DiffuLlama adapts Llama using absorbing discrete diffusion, training on 65B tokens but without performing instruction tuning. TESS 2 completely outperforms it with only 45B tokens using continuous simplex diffusion and instruction tuning, demonstrating that (a) base model selection is more critical than the amount of training data, and (b) continuous diffusion combined with cross-entropy is more stable than discrete diffusion.

vs LLaDA (Nie et al. 2025)¶

LLaDA pre-trains a large-scale discrete diffusion LM from scratch, which is computationally expensive. TESS 2 chooses to reuse knowledge from existing AR models, making it more cost-effective and practical, embodying the philosophy of "standing on the shoulders of giants."
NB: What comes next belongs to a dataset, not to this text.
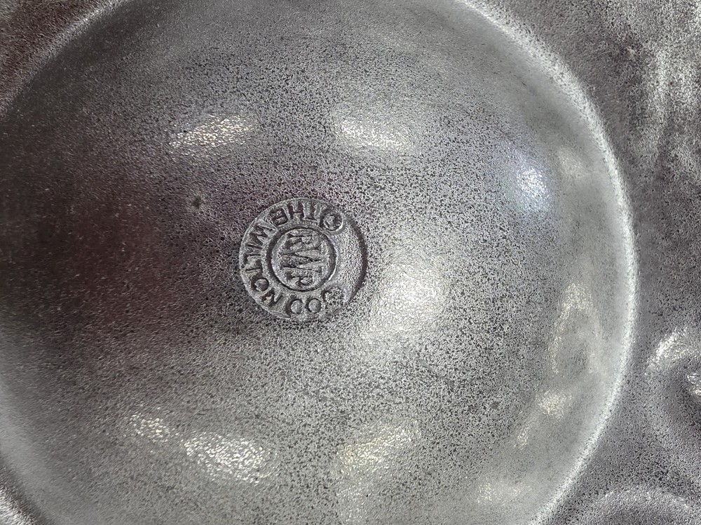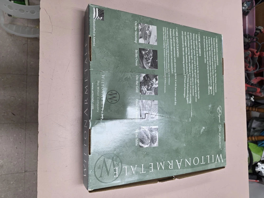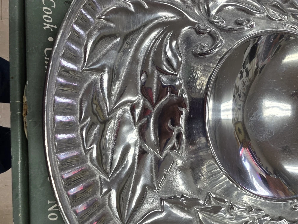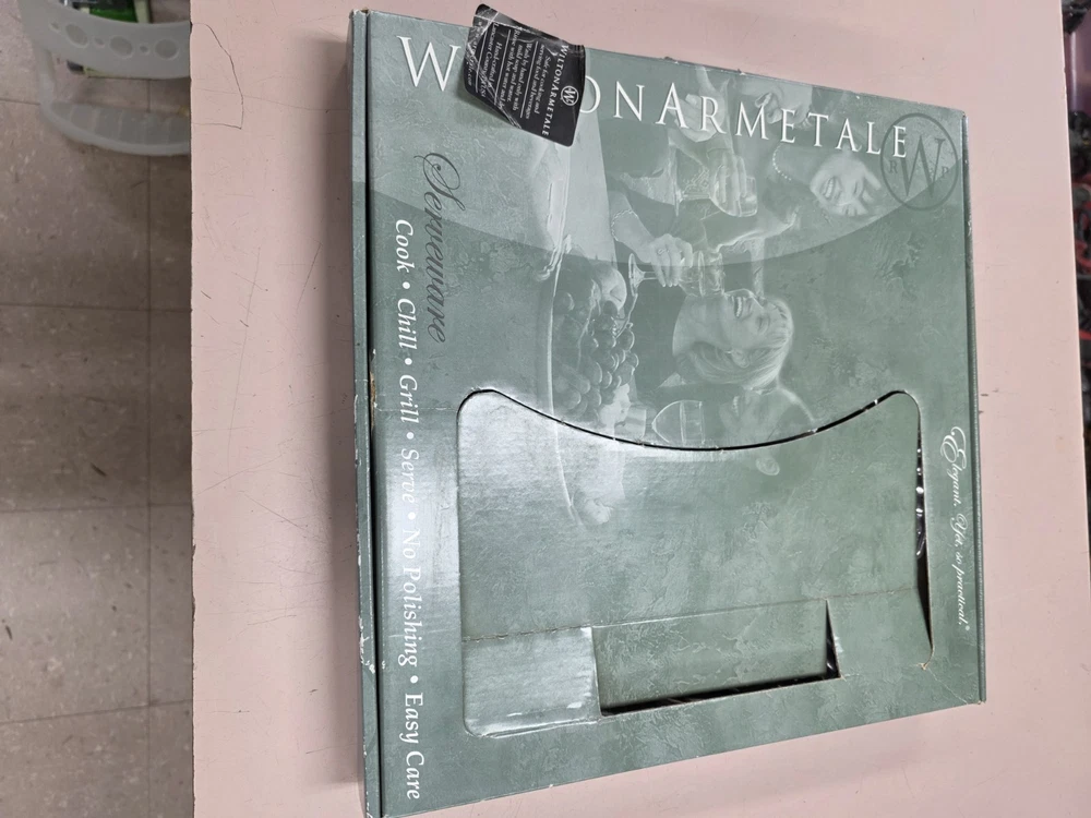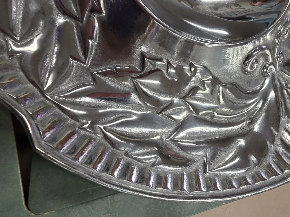 Elevate your hosting elegance with the Wilton Armetale ACANTHUS ACCENT Large Serving Platter, accompanied by a matching Round Dip Tray. Crafted from high-quality pewter, this serving ensemble exudes a timeless charm that complements any table setting. Its intricate metal fabrication showcases the renowned craftsmanship of the United States. The platter and tray duo is a testament to Wilton Armetale's dedication to durability and style, perfect for those who appreciate the finer details in servingware. For those with concerns about California Prop 65 warnings, please refer to the manufacturer's website for further information. Add a touch of sophistication to your dining experience with this exquisite metalware set. In good shape. Look at pictures.

vs SSD-LM / SSD-2 (Han et al. 2022, 2023)¶

SSD-LM, the predecessor of TESS, adopts a semi-autoregressive generation approach. TESS 2 demonstrates that fully non-autoregressive generation is feasible under a 2048-token context, and substantially boosts performance through Mistral adaptation.

Rating¶

Novelty: ⭐⭐⭐⭐ — The AR-to-Diffusion adaptation scheme and reward guidance are both original contributions, achieving a generalist instruction-following diffusion LM for the first time.
Experimental Thoroughness: ⭐⭐⭐⭐⭐ — Incorporates detailed analyses on base model ablations, adaptation block/steps, diffusion steps, and reward guidance weights, alongside comprehensive coverage of downstream tasks.
Writing Quality: ⭐⭐⭐⭐ — Features a clear structure, adequate technical details, and quantitative support for key findings.
Value: ⭐⭐⭐⭐ — Provides a practical training solution and a clear understanding of capability boundaries for diffusion language models, with the reward guidance approach offering extensive potential for extension.